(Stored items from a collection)
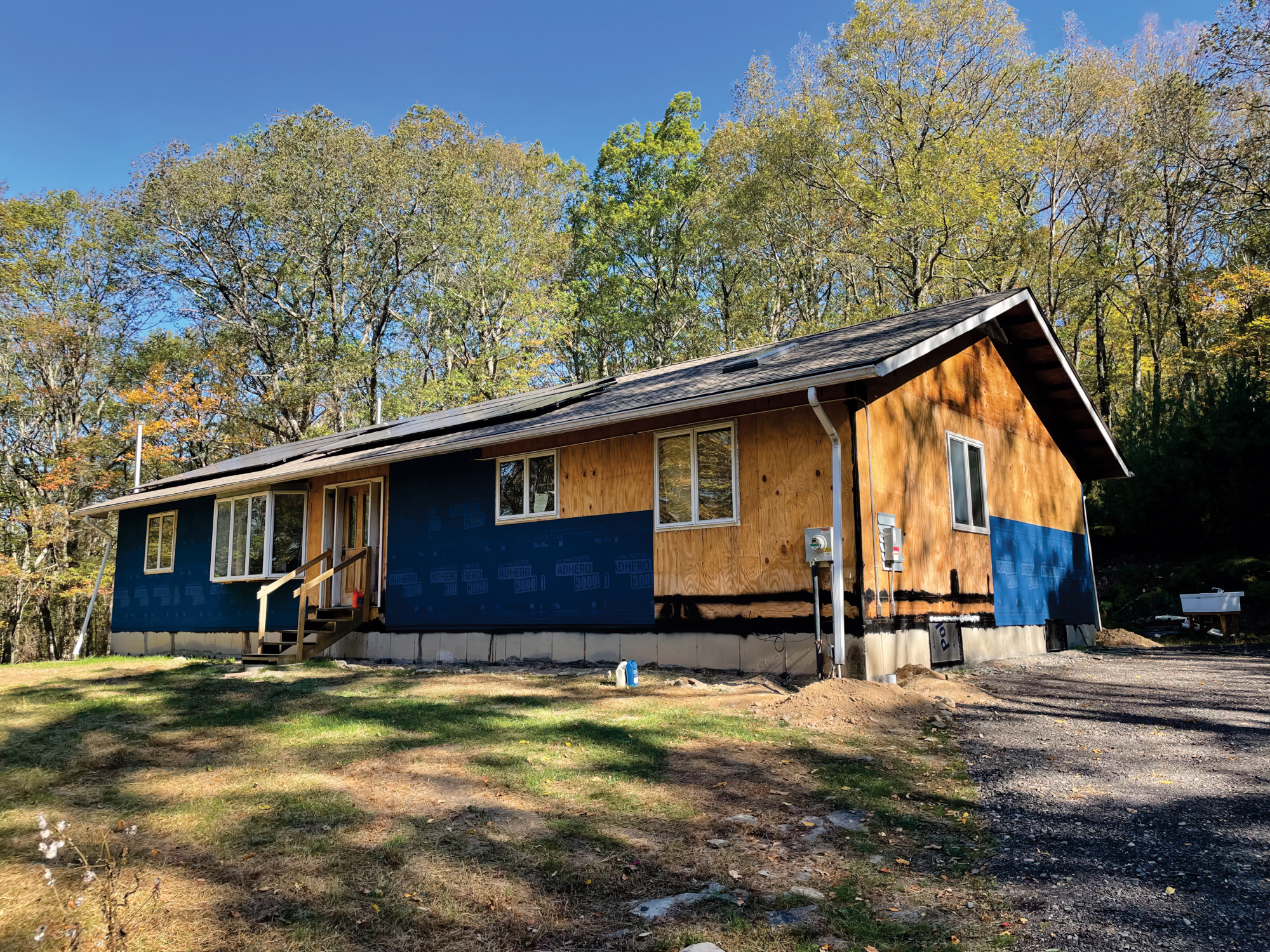 In the Sullivan County house, we used a product called Adhero 3000, also made by Pro Clima, on the exterior walls once they were stripped of siding. It’s a self-adhesive membrane that we applied to the sheathing, from the top two inches of the foundation to the top of the exterior wall. We then insulated the interior of the wall cavities and applied more Intello under the finish drywall, forming a five-sided box. The sixth side of the box is the basement floor, or the first floor, if you have an unfinished basement and you don’t plan on using your basement as living space in the immediate future. If not, treating the basement ceiling (the floor for the first floor) with a smart vapor barrier and insulation is the right move.
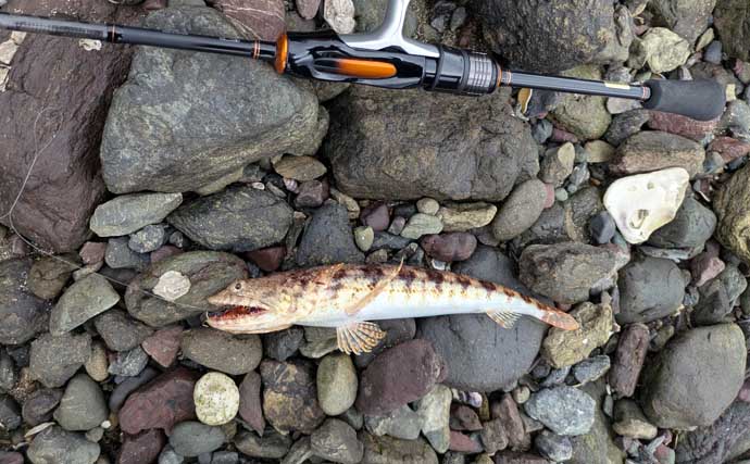 さらに歩を進めて護岸沿いに歩いていくと、大きなアオヤガラが捨て石の上でのんびり泳いでいるのを発見。これは食わせきれなかったが、それにしても驚くほど魚種が豊富だ。
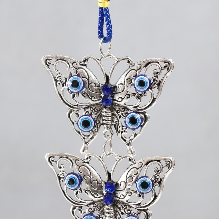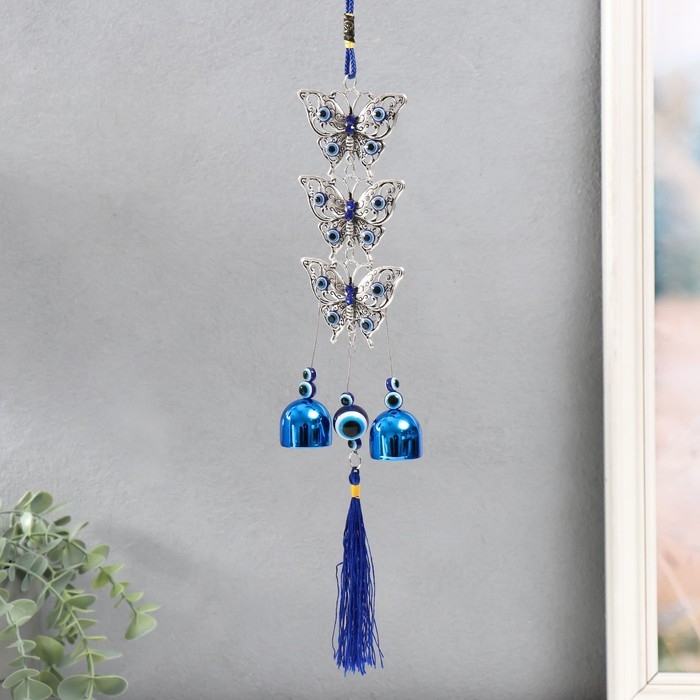 Музыка ветра металл "Три бабочки" от сглаза с кисточкой 2 колокольчика 30 см
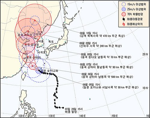 기상청 관계자는 "태풍은 서해 먼바다를 통과해 8일 오후 중국 칭다오 동북쪽 해상으로 이동할 예정"이라며 "강한 바람과 함께 많은 비를 뿌릴 것으로 예상되니 피해에 대비할 것"을 당부했다.
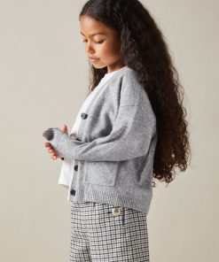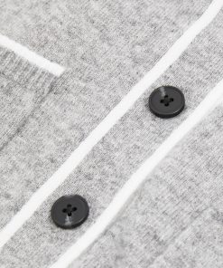 Fine wool yarns are mixed with cashmere for the Grey Juni button-through cardigan, ensuring ultimate comfort and breathability. Its relaxed fit is perfect for layering over T-Shirts and roll necks alike. Wool-cashmere blend Button-front closure Patch pockets Ribbed trims Contrast tips Fashioning seam to reverse Relaxed fit

> **Problem description**
In the answer, include exactly the lines from the one containing "さらに歩を進めて護岸沿いに歩" through the end of the records above and no pictures at all.

> **Answer box**
 さらに歩を進めて護岸沿いに歩いていくと、大きなアオヤガラが捨て石の上でのんびり泳いでいるのを発見。これは食わせきれなかったが、それにしても驚くほど魚種が豊富だ。
 Музыка ветра металл "Три бабочки" от сглаза с кисточкой 2 колокольчика 30 см
 기상청 관계자는 "태풍은 서해 먼바다를 통과해 8일 오후 중국 칭다오 동북쪽 해상으로 이동할 예정"이라며 "강한 바람과 함께 많은 비를 뿌릴 것으로 예상되니 피해에 대비할 것"을 당부했다.
 Fine wool yarns are mixed with cashmere for the Grey Juni button-through cardigan, ensuring ultimate comfort and breathability. Its relaxed fit is perfect for layering over T-Shirts and roll necks alike. Wool-cashmere blend Button-front closure Patch pockets Ribbed trims Contrast tips Fashioning seam to reverse Relaxed fit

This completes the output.